Rocklin-Lab / cdna-display-proteolysis-pipeline

21 stars 5 forks source link

Filtering Dataset #1 (Group 0) #6

Open loodvn opened 1 year ago

loodvn commented 1 year ago

Hi there!

I'm trying to filter the data to get the Group 0 set, but I'm getting slightly different # sequences than those in the paper.
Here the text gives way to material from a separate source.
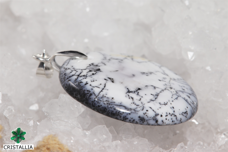 L'Opale dendritique est une variété d'Opale commune (sans reflets) qui se caractérise par la présence de petites dendrites noires de manganèse.
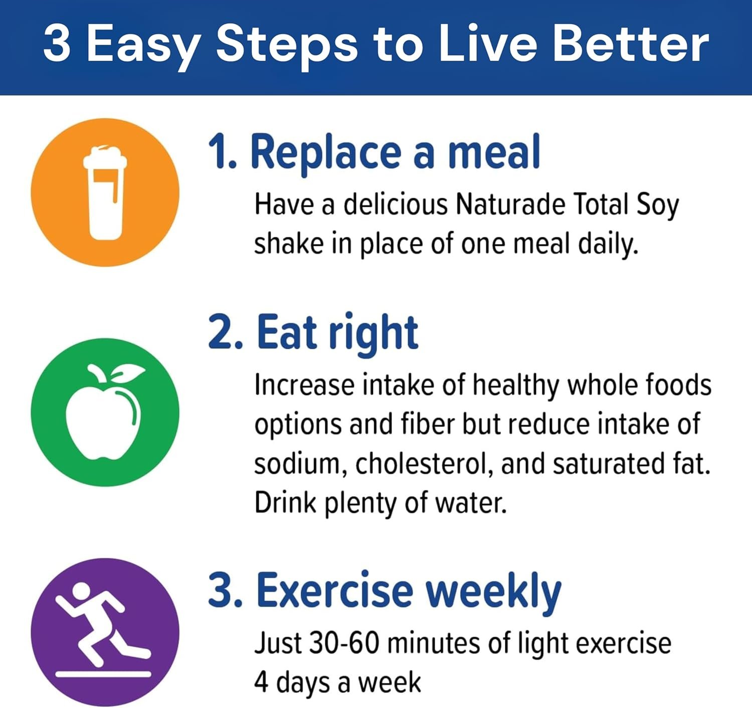HOW TO USE: Add 2 scoops of Naturade Total Soy to 8 oz. of cold water or your favorite beverage and shake or stir with a spoon until smooth. Our protein shake is only 140 calories per serving and supports your weight management

Q1: I assume that Processed_K50_dG_datasets/Tsuboyama2023_Dataset2_Dataset3_20230416.csv is the same as the "Dataset 1 and Dataset 2" file referenced in the paper (and that this comes from K50_dG_Dataset1_Dataset2)?

Q2: How do I filter this file to get the Group0 variants? I'm trying to reproduce the number of sequences from Table S1 (586,938 total sequences, 434,556 singles and 152,382 doubles)

I tried using the Single list CSV file, filtering for DMS_group == G0, filtering out low-confidence values from the ddG_ML_float column. But then I get:

Could you please let me know what I've missed? I assume there's another step of filtering I haven't done.

loodvn commented 1 year ago

Actually, I see these numbers match the new Nature manuscript's Extended Data Table 1, so all good!

Could you perhaps update the README (under Zenodo/Processed_K50_dG_datasets.zip) to avoid future confusion about the dataset numbering? Thanks!